How to measure your DNA
Services like InsideTracker can measure your DNA. The process is simple. A DNA kit will arrive in the mail. All you have to do is follow the simple instructions including a quick cheek swab. Drop it in the mail and receive your DNA analysis in your InsideTracker account a few weeks later.
Security measures around DNA data
Privacy is InsideTracker’s priority. InsideTracker is fully HIPAA compliant and SOC 2 certified. The company has implemented best-in-class practices to ensure customers' blood, DNA, physio, and profile data are thoroughly encrypted, obfuscated, anonymized, and de-identified.
InsideTracker is continuously improving security measures to meet the highest industry standards, including cutting-edge cyber security protection and extensive layers of firewalls to ensure safety.
Create a wellness plan from DNA, blood, and wearable data
Here is an example of how DNA data, combined with blood biomarker and wearable data come together to form a data-driven wellness plan.

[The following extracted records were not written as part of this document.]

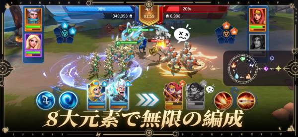 世界の猛者たちとの白熱のバトルが展開。包囲戦や突撃戦など、敵や状況に合わせて、多彩な戦術を駆使しましょう。バトルは3Dのグラフィックで描かれており、オートでサクサク進みます。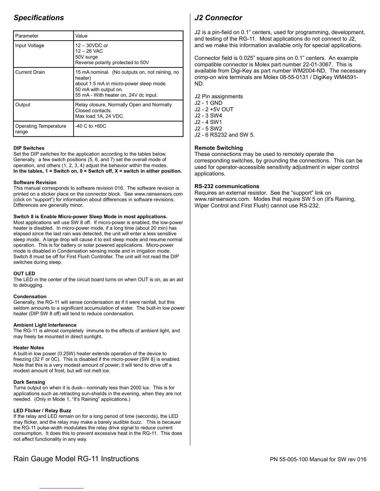 Rain Gauge Model RG-11 Instructions PN 55-005-100 Manual for SW rev 016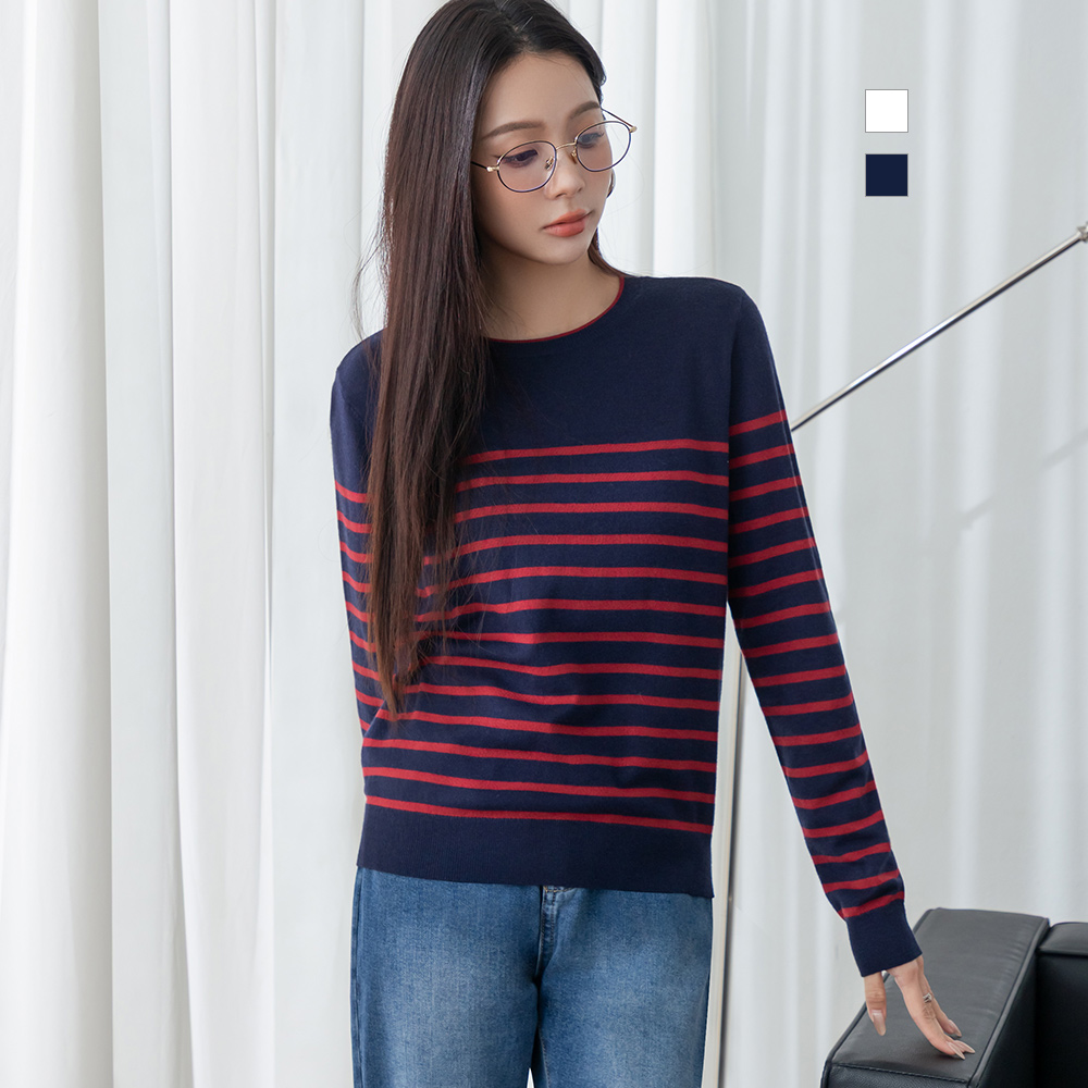 熱賣中🔥 即將售完niceioi 繽紛甜感大圓領條紋馬海毛針織上衣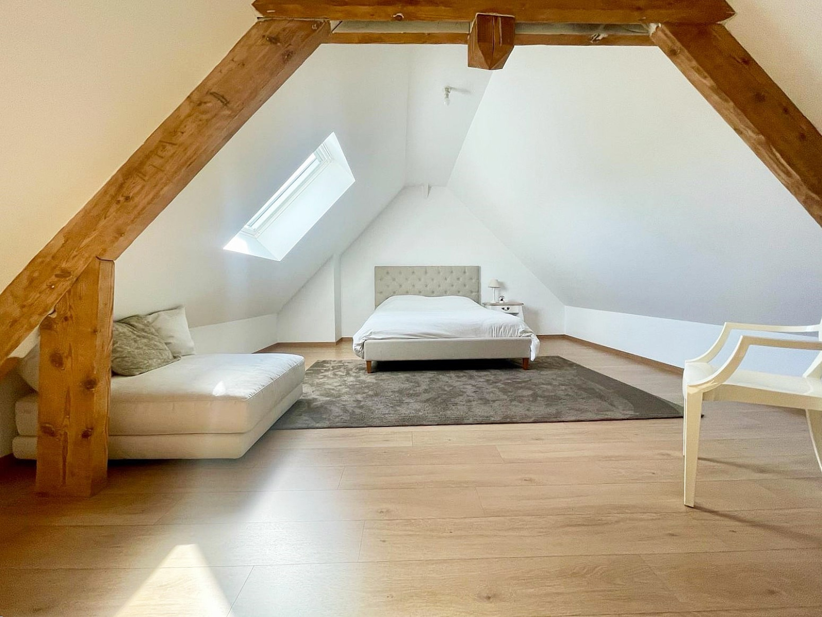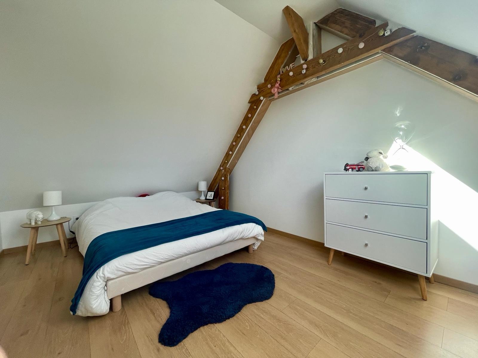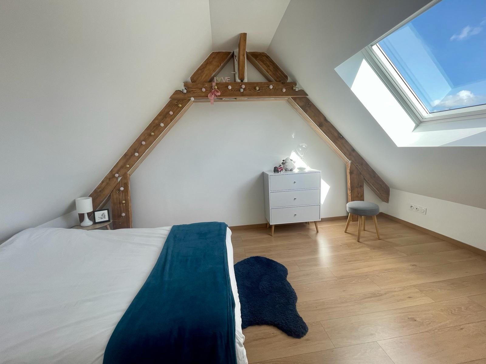 A l'étage supérieur, le grand palier dessert un bureau, des rangements, une salle de bains, suivi d'une grande chambre avec de belles poutres apparentes.

How to make data-driven health decisions
Knowing your genetic predispositions is useful—but it’s what you do with the data that really matters. And according to Dr. Nogal, “Using your DNA data to shape health decisions is a game-changer for a healthier, longer life.”
“Your genetic insights provide personalized guidance: fine-tune your lifestyle based on your genetic profile, target potential risks proactively, optimize your nutrition and fitness with tailored strategies, choose supplements that align with your genetic processing, prepare for aging trends, and manage stress more effectively.”